Chapter 2 Sample: Decide how many people to ask and how to find them

Chapter 2 is about turning the ‘defined group of people’ you want to ask into the people you actually ask – your sample.

The topics in the chapter are:

  • Some of the people you ask will decide not to answer
  • Response rates vary by the way you deliver your questionnaire
  • Response depends on trust, effort, and reward
  • Decide how many answers you need
  • Find the people who you want to ask
  • The right response is better than a big response

The errors associated with this chapter are:

  • Coverage error, which happens when the list that you sample from includes some people who are outside the defined group that you want to ask or excludes some people who are in it.
  • Sampling error, which happens when you choose to ask some of the people rather than everyone.
  • Non-response error, which happens when the people who respond are different from the people who don’t respond in ways that affect the result of the survey.

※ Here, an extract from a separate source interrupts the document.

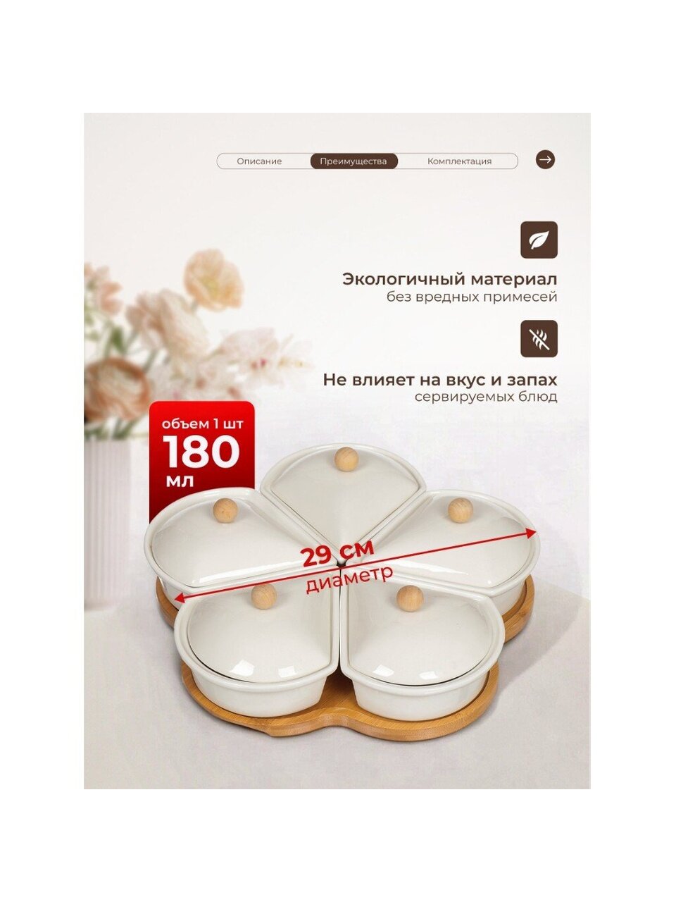 Вы можете приобрести «Менажница керамика, 29х9 см, 5 секций, Цветок, Y146» и другие товары в нашем интернет-магазине в Обнинске по низким ценам и с бесплатным самовывозом.

I couldn’t give all the appropriate origins and suggestions for further reading in the chapter, so here they are.

I found various sources of data on response rates

In the book, I published my own rules of thumb about typical response rates. Here are some sources that I found that helped me to create those rules.

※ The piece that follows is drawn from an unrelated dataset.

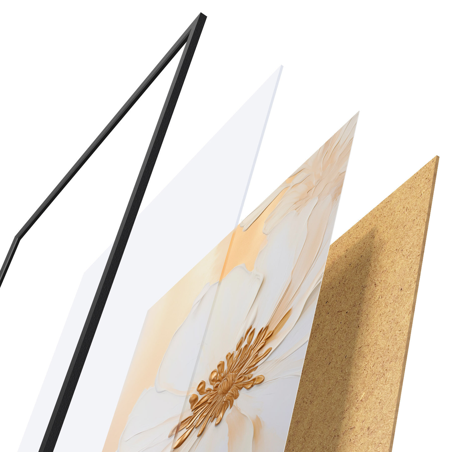 L’affiche encadrée est composée d’un cadre, d’un plexiglas, d’une image imprimée et d’un support en aggloméré. Elle est prête à être accrochée au mur grâce aux fixations situées à l’arrière.

NSIs can get response rates over 65%

Nearly every country in the world has a national statistical institute (NSI) and many of them are great at publishing their response rates. I’ve chosen three countries here: USA, Netherland and Australia.

So far as I’ve been able to find out, the US is the only country that has lots of them, of which two of the best-known are the Bureau of Labor Statistics and the US Census Bureau. The Census Bureau publishes response rates for its surveys. For example:

Statistics Netherlands publishes many of its reports in English. They say that they typically get response rates about 65% in this report:

The Australian Bureau of Statistics managed to improve its response rates between the 2006 and 2011 Censuses, bucking the general trend of declining response rates. They got over 95% response (non-response under 5%) in all states and territories other than Northern Territories – an area with few roads, and a relatively high proportion of indigenous people who may move around – where they still managed to get over 92% response (non-response under 8%):

Some academic surveys can get high response rates

One of the biggest academic surveys is the European Social Survey which “measures the attitudes, beliefs and behaviour patterns of diverse populations in more than thirty nations”. It is run by a consortium of academic institutes and universities. The 2016 response rates varied from 31% in Germany to 74% in Israel. You can find all the data sets starting in 2002 on their website:

It is harder to find response rates for other surveys

The other estimates that I have quoted in the chapter are based on personal experience. From time to time, a market research business or survey tool vendor publishes an article on response rates – and then takes it down again. I wonder why. Could it be that the continually declining response rates are worry for them? Who knows.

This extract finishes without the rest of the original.